**EXERCISE INSTRUCTIONS**
Your answer is the line containing "Pembe Taşlı Aster Çiçeği Gümüş Yüzük - 3" plus every line after it through the end of the records, printed exactly and free of pictures.

====== RECORDS SHOWN ======

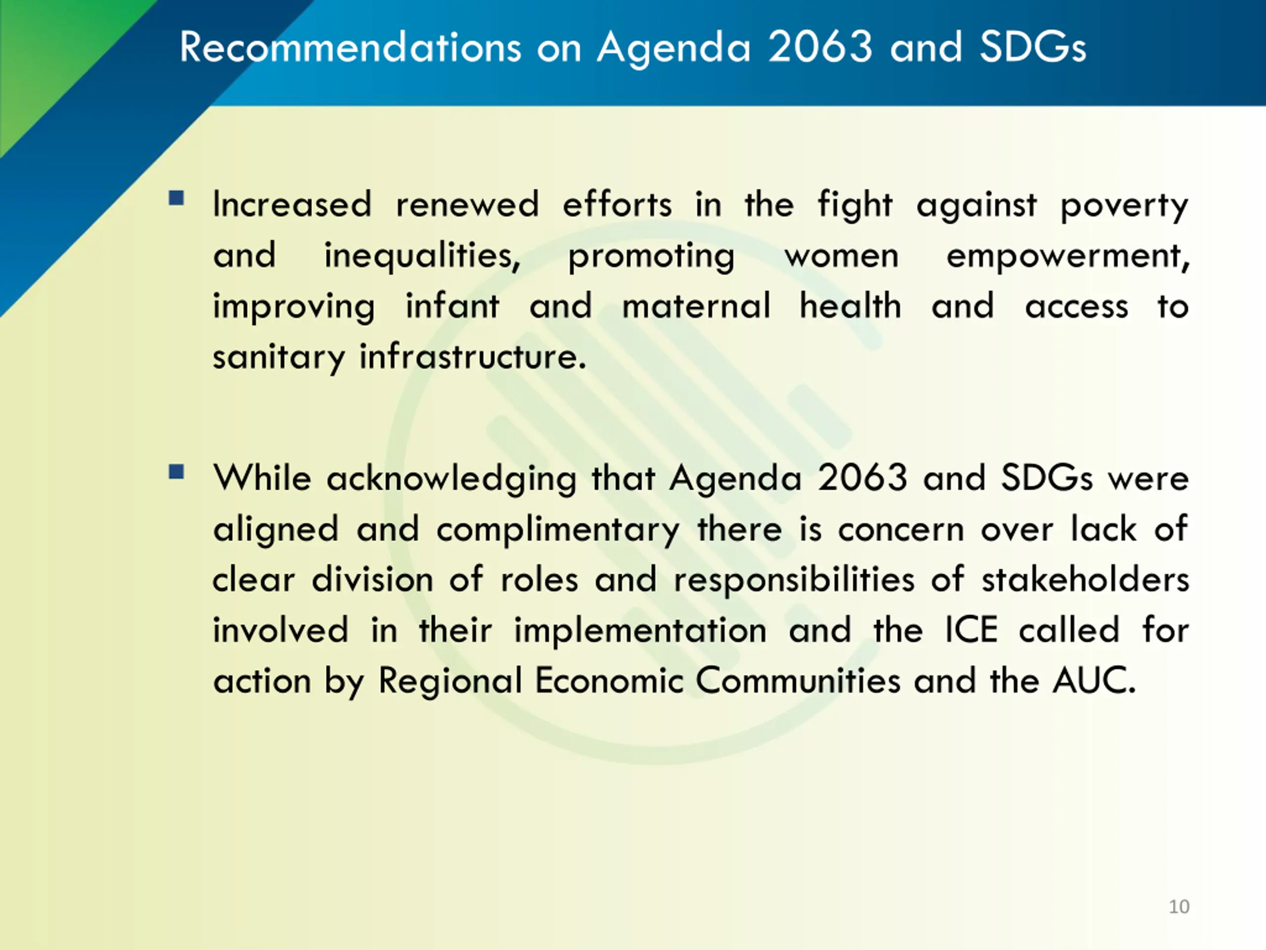 Recommendations on Agenda 2063 and SDGs Increased renewed efforts in the fight against poverty and inequalities, promoting women empowerment, improving infant and maternal health and access to sanitary infrastructure. While acknowledging that Agenda 2063 and SDGs were aligned and complimentary there is concern over lack of clear division of roles and responsibilities of stakeholders involved in their implementation and the ICE called for action by Regional Economic Communities and the AUC. 10
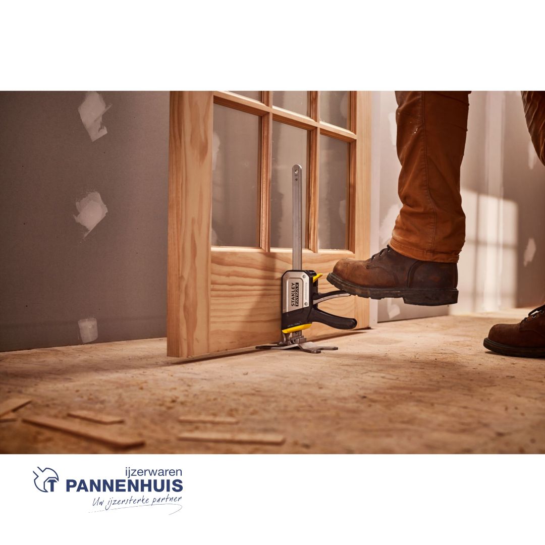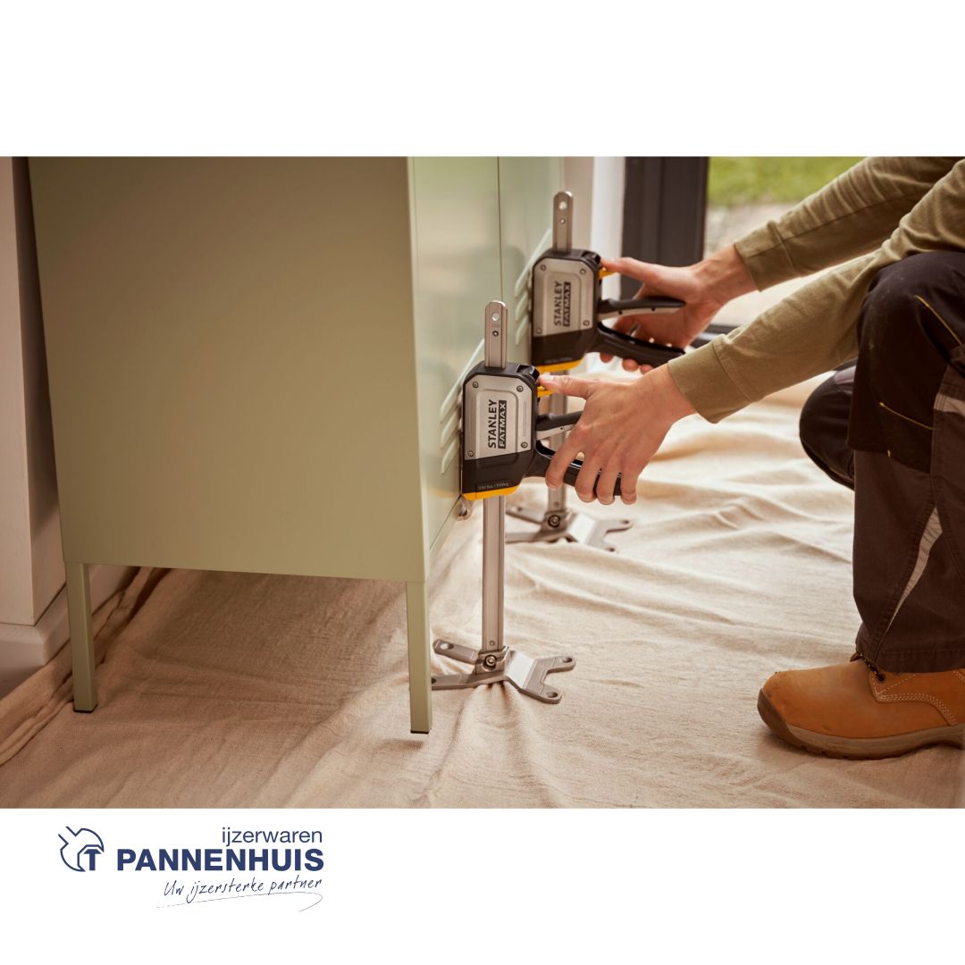 De STANLEY® FATMAX® TradeLift™ is ontworpen voor veilig en eenvoudig heffen, nivelleren, vasthouden en monteren van zware lasten tot 150 kg. Dit professionele gereedschap heeft een duwhendel die zowel met de hand als met de voet kan worden bediend, waardoor gebruikers druk kunnen uitoefenen op de hendel voor gemakkelijker heffen van bijvoorbeeld apparaten, plaatmateriaal of meubels.nDe TradeLift is gebouwd voor precisie en beschikt over een fijnafsteller waarmee de hefplaat fijn kan worden afgesteld bij het nivelleren van het werkstuk. Daarnaast heeft het een schuine rand aan de onderkant zodat het gereedschap onder lage objecten kan worden geschoven.nVoor maximale stabiliteit heeft de TradeLift™ vier verzinkte schroefgaten om veilige verankering te garanderen. Ook heeft het een grote basisplaat om het risico op kantelen te voorkomen.nHet gereedschap is duurzaam dankzij de afgesloten metalen plaatbehuizing die het beschermt tegen stof en vuil. Bovendien geeft de ergonomische softgrip handgreep extra grip, comfort en controle.
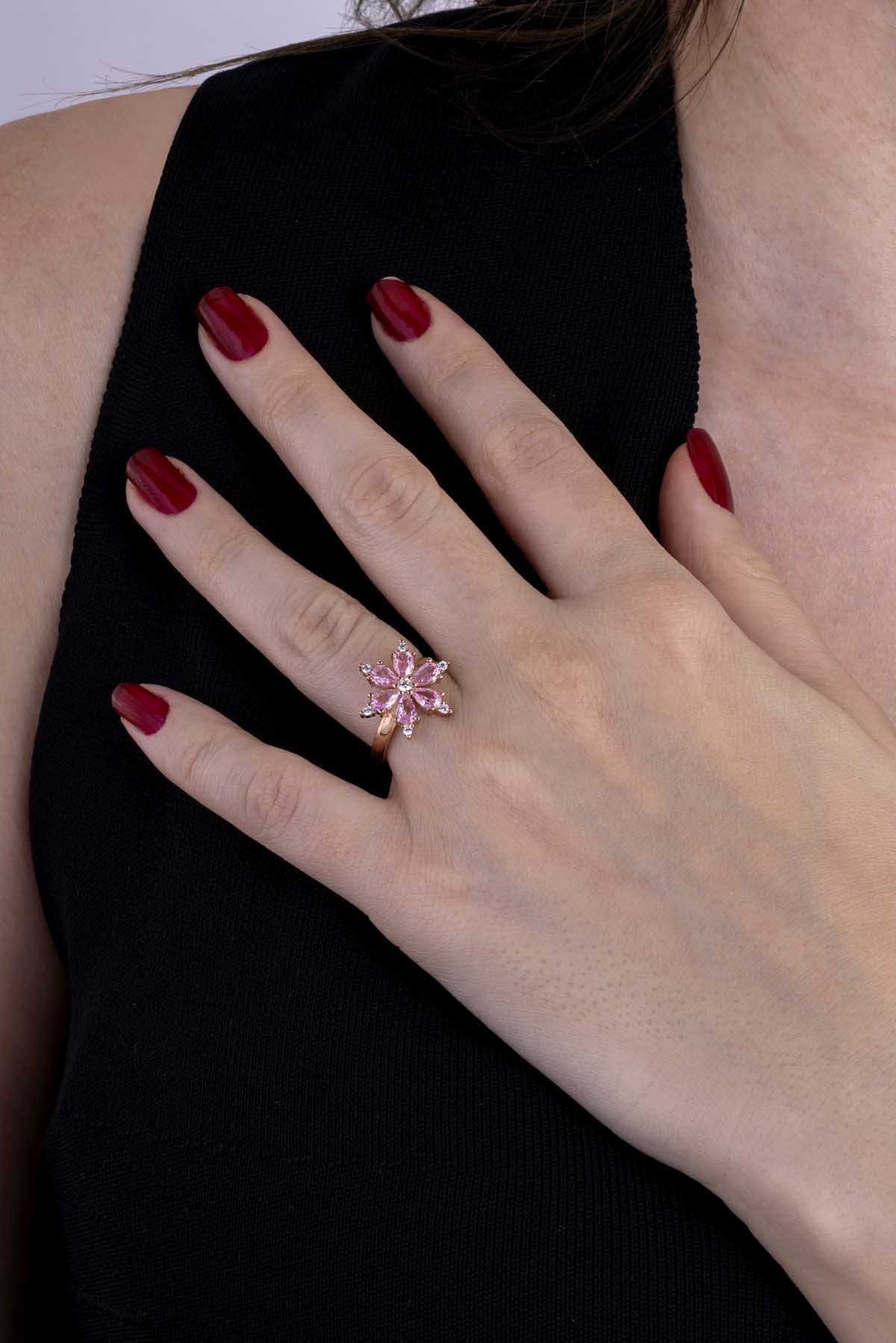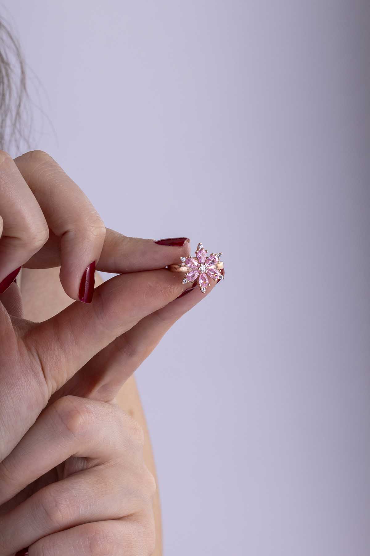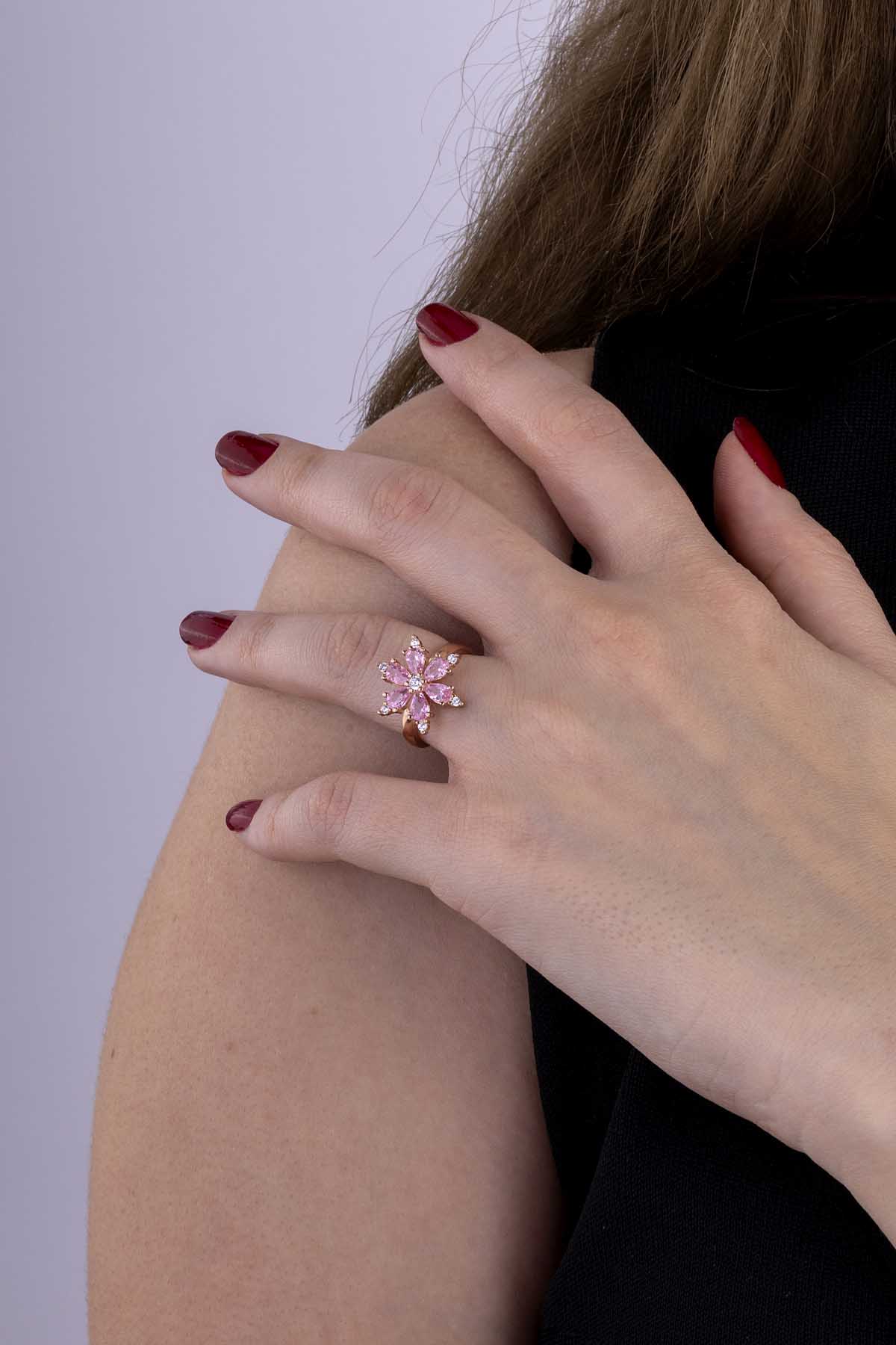 Pembe Taşlı Aster Çiçeği Gümüş Yüzük - 3
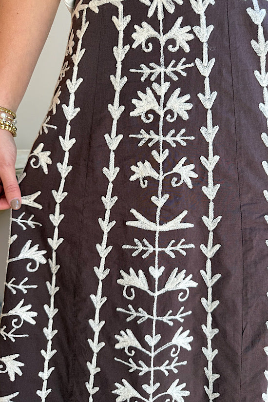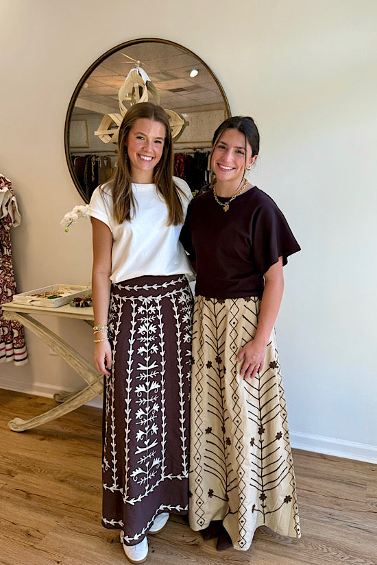 A super flattering and comfy midi skirt with brown embroidery, elastic back, and side zipper. Made from 100% cotton.
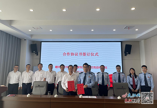 参观结束后,双方在会议室举行“学深悟透强党性,勇立潮头开新篇”主题党日活动暨“校政合作建设实践教学基地”签约仪式。校政代表在双方的见证下签订《校政合作建设实践教学基地协议书》。

======

**THE ANSWER**
 Pembe Taşlı Aster Çiçeği Gümüş Yüzük - 3
 A super flattering and comfy midi skirt with brown embroidery, elastic back, and side zipper. Made from 100% cotton.
 参观结束后,双方在会议室举行“学深悟透强党性,勇立潮头开新篇”主题党日活动暨“校政合作建设实践教学基地”签约仪式。校政代表在双方的见证下签订《校政合作建设实践教学基地协议书》。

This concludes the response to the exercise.